0

I have dataset with two label class (good and bad), I want to apply K Means on my dataset using python, should I use that label dataset or I have to delete the label class column ?

Has QUIT--Anony-Mousse
  • 7,969
  • 1
  • 14
  • 30
lona
  • 119
  • 3
  • 1
    K-means clustering is done to give labels to data. You already have those, so why are you applying k-means?
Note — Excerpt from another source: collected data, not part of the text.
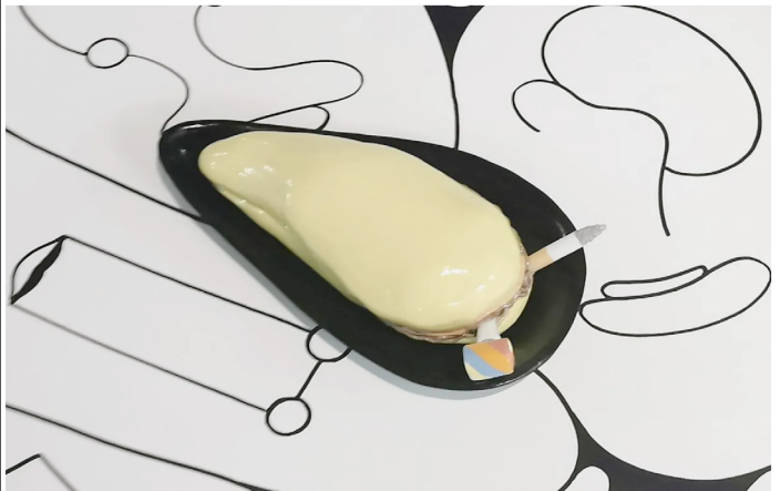
Mrzyk & Moriceau – Meilleurs Vœux de la Jamaïque au Mrac à Sérignan

Une bande de moules eut aussi une vision en échange de quelques cigarettes : prudence, les artistes devaient faire très attention sur le choix des épingles qu'ils utiliseraient pour accrocher leurs dessins. Certaines étaient ensorcelées et pouvaient contaminer le papier. En conséquence, ces moules leur conseillèrent d'utiliser de la Patafix jamaïcaine, sorte de pâte à galette multi-usage très utile.
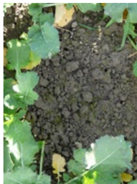
Saubere Felder mit Colzor Trio
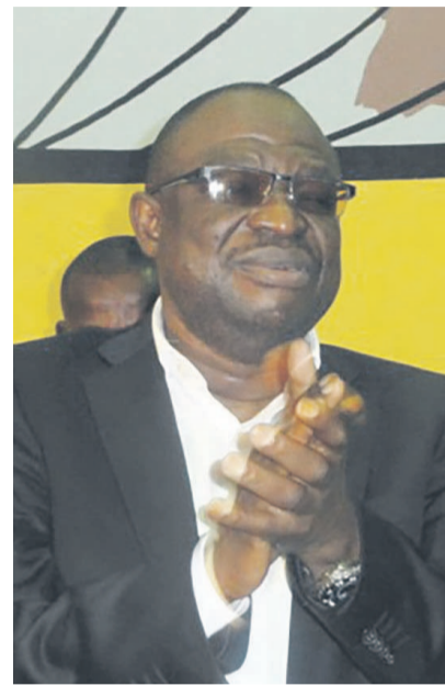
Le président du MCDDI

Le bureau exécutif national du Mouvement congolais pour la démocratie et le développement intégral (MCDDI) a condamné, au cours d'une réunion organisée à Brazzaville le 3 novembre, « les actes inciviques, barbares et antidémocratiques perpétrés par des citoyens manipulés par certaines officines politiques, au cours de la campagne référendaire ».
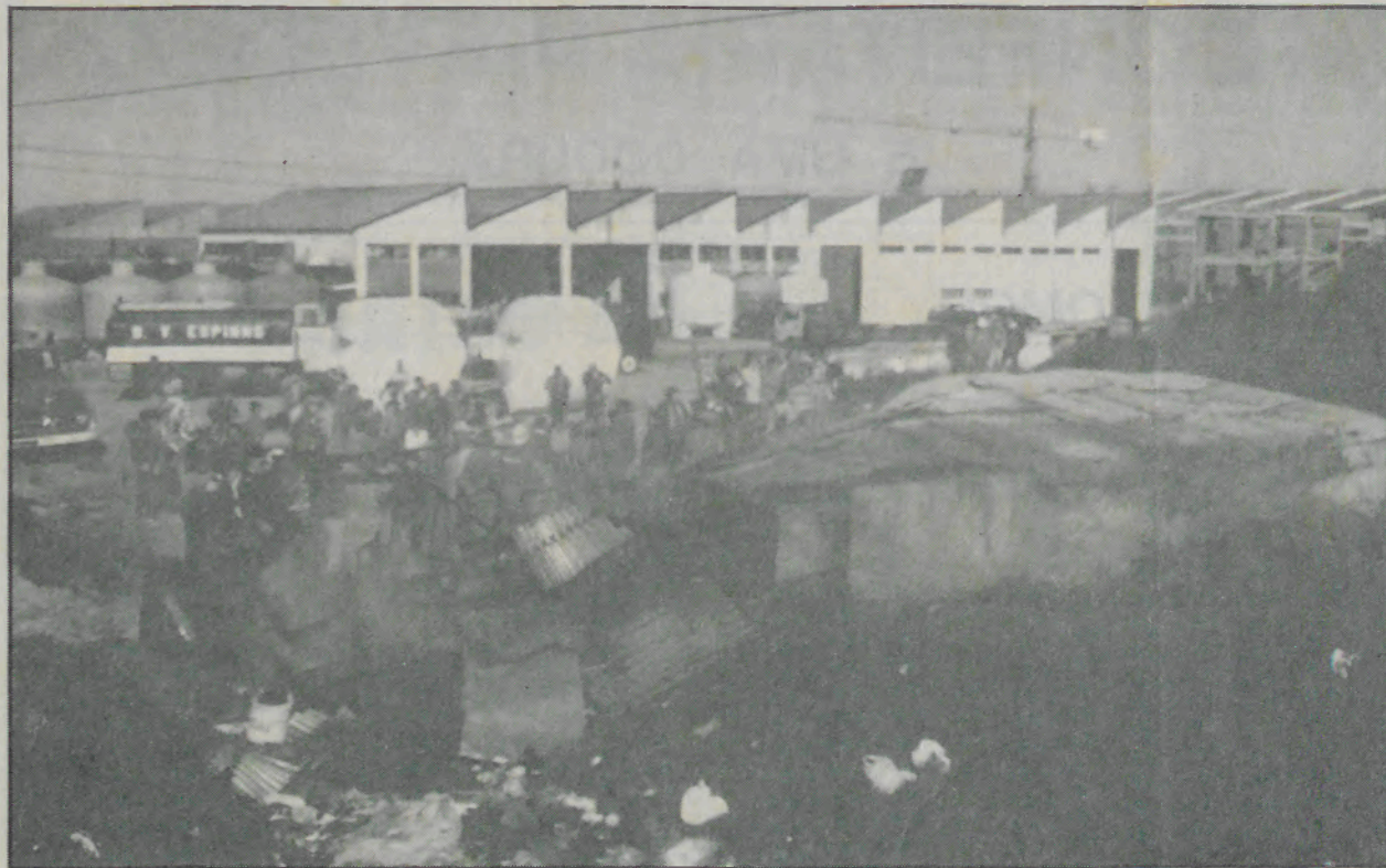
Paredes meias com uma unidade fabril o mísero barraco onde aconteceu a tragédia.

Museu Marítimo e Reg. de Ilhavo 3830 Ilhavo
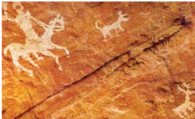
Peinture rocheuse de Spile
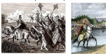
Войско Цезаря переправляется Через Рубикон. (49 г. до н. э.)

Б.з.б. 49 жылы Цезарьдің Рубиконды кесіп өтуі жеке факт ретінде қарастырыла алады, бірақ ол сондай-ақ көптеген шағын фактілерге бөлінеді.
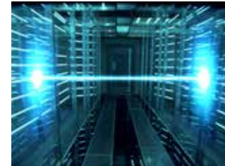
APLIQUE EFECTOS A SUS PRODUCCIONES AUDIOVISUALES
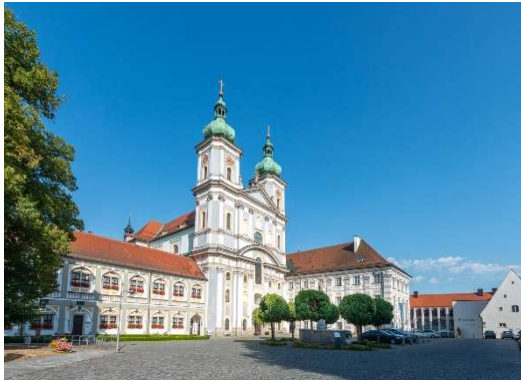
Stiftsbasilika in Waldsassen
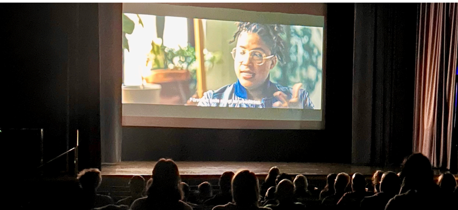
Bild: Filmvisning Hacking Hate, januari 2025

Neddragningen av statsbidrag som för 2025 innebar nettobidragsminskning på 1,9 MSEK jämfört med 2024, fick kännbara förändringar för verksamheten i samarbeten med föreningar och fria grupper, föreläsungsverksamheten och kursverksamheten.
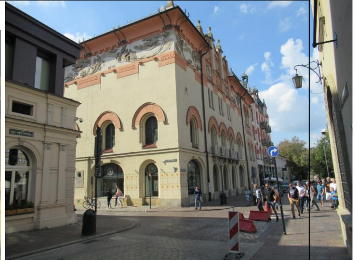
Teatr Stary w Krakowie, gdzie pracowała Bohaterka odcinka

What is the problem statement? – bkshi Feb 09 '19 at 08:58
  • I think the OP actually meant the dataset contains a `binary feature`. – Louis T Feb 09 '19 at 09:49
  • Possible duplicate of [K-Means clustering for mixed numeric and categorical data](https://datascience.stackexchange.com/questions/22/k-means-clustering-for-mixed-numeric-and-categorical-data) – Louis T Feb 09 '19 at 09:50
  • Thanks all for your answers , yes my dataset consists of binary features and I want to use clustering to test new samples – lona Feb 11 '19 at 03:23

1 Answers1

1

Delete the label column.

Assuming that you want to compare the clusters to the labels later, then the labels must not be part of the data passed to k-means.

And k-means only works well on continuous variables anyway.

Has QUIT--Anony-Mousse
  • 7,969
  • 1
  • 14
  • 30